I really wanted to adore the Bronx Beer Hall as much as I adored those hot wings, but like Cher’s character, fending off the advances of Mr. Cage’s operatic one-handed baker, the place seemed to specialize in making itself difficult to love. Hatched last year by two young brothers who dream of bringing fresh spirit to a distressingly sleepy stretch of Arthur Avenue, the hall can be found inside an old-school marketplace, where you may pick up a week’s supply of olives, pancetta and marinated anchovies while, if you’re lucky, an elderly gentleman plays an elegiac version of Andrea Bocelli’s “Con Te PartirĂ²” at the lonesome piano by the entrance. Grab a seat at the bar, or at the cluster of tables, and you feel lucky to be surrounded by the bounty of this storied Italian-American neighborhood. You want to linger.
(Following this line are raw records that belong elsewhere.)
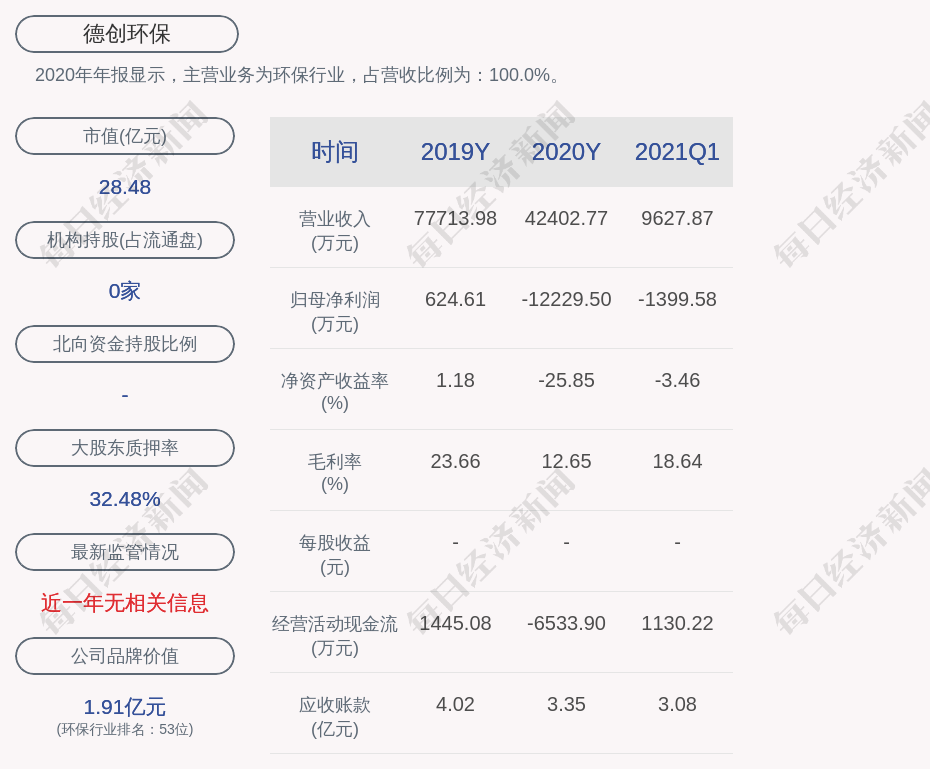 2020年年报显示,德创环保的主营业务为环保行业,占营收比例为:100.0%。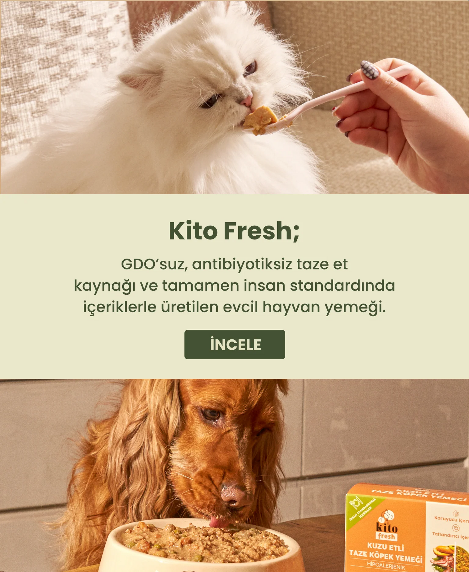 Evcil hayvan diyetine taze besinler eklenmesi, obezite, mide ve deri hastalıklarına yakalanma riskini azaltmakta ve dostlarımızın yaşam sürelerini potansiyel olarak uzatabilmektedir. Taze ve katkısız içeriğiyle bağışıklığı destekleyen Kito Fresh, öğünleri hem daha besleyici hem de lezzetli hale getirir.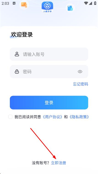 2、进入登录页面后,点击下方的没有账号?立即注册选项。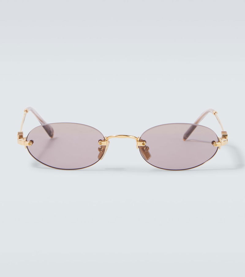 Miu Miu has taken the world by storm with its future-forward approach to design and expressions of personal identity. Complete with logos at the temples, these sunglasses have gold-toned wire frames and oval lenses.

But what’s bizarre is how disconnected the beer hall seems to be from that bounty. Yes, the beers on tap — a black I.P.A. called Misfit Toy from Great South Bay Brewery on Long Island; a white lager from SingleCut Beersmiths in Astoria, Queens — tend to be proudly local and consistently guzzle-worthy. They tangle well with Grandma Greco’s Special Wings, even when the hot-tempered Ms. Greco throws a capsaicin tantrum on your gums. It’s a shame, then, that so much of the rest of the pub grub at the hall is confusingly awful.
 
I’m still trying to erase the memory of the One & Only Truffle Burger, a culinary experiment so botched that it almost made a vegetarian out of me. Like a Bronx-based, speck-and-fontina-topped spin on Daniel Boulud’s famously luxurious carnivore magnet at DB Bistro Moderne, this one involves strips of truffled osso buco that are squeezed inside a patty made from sirloin and filet mignon.
 
It sounds good on paper. Alas, there are serious infrastructure issues. When I ordered it, the bun was too crusty and tall; the meat arrangement was too mushy and loose. I took a bite, and the edges of the ground beef squished outward. Before long, the whole thing fell apart, and I spied a sad, strange-looking knob of veal shank in the middle, curled like a fossil. I reached for my beer to wash away the image — and what seemed to be an oceanic residue of salt.
 
How, I wondered, does such a burger honor the legacy of Arthur Avenue? And what’s the point of offering a six-option Sausage Fest if each meaty link has been cooked so long that it has the texture of sun-bleached sailing rope? Does this historic neighborhood really need crostini made with peanut butter, strawberries, balsamic glaze and truffle oil?
 
For me, crushing disappointment came in the form of a “cheese board.” Here we sat, just steps away from some of the finest Italian cheeses in the city, and yet one of the selections on the platter was a very soft, bland, suspiciously triangular wedge of the Laughing Cow-ish fromage that you’d usually spot at the supermarket.
 
It’s rare that a restaurant allows you to order food from an alternative menu. On my final foray into the Bronx Beer Hall, I opted for a terrific meatball parm sandwich and a Big Mike Combo, with Italian cold cuts and provolone, from Mike’s Deli, the Greco family’s counter a few yards away. (Which makes sense: David Greco is a partner in the beer hall.)
 
So why aren’t they serving more of the real stuff at the Bronx Beer Hall? Well, maybe only the white-haired fellow at the piano can figure out the logic behind that. I still happen to think it’s a lovely place to hang out, and with a few radical menu changes, it could become the drinking-and-noshing destination that it’s supposed to be.
 
In the end, the Bronx Beer Hall made me feel like Cher in “Moonstruck.” I wanted to smack someone and shout, “Snap out of it!” But I say that with love.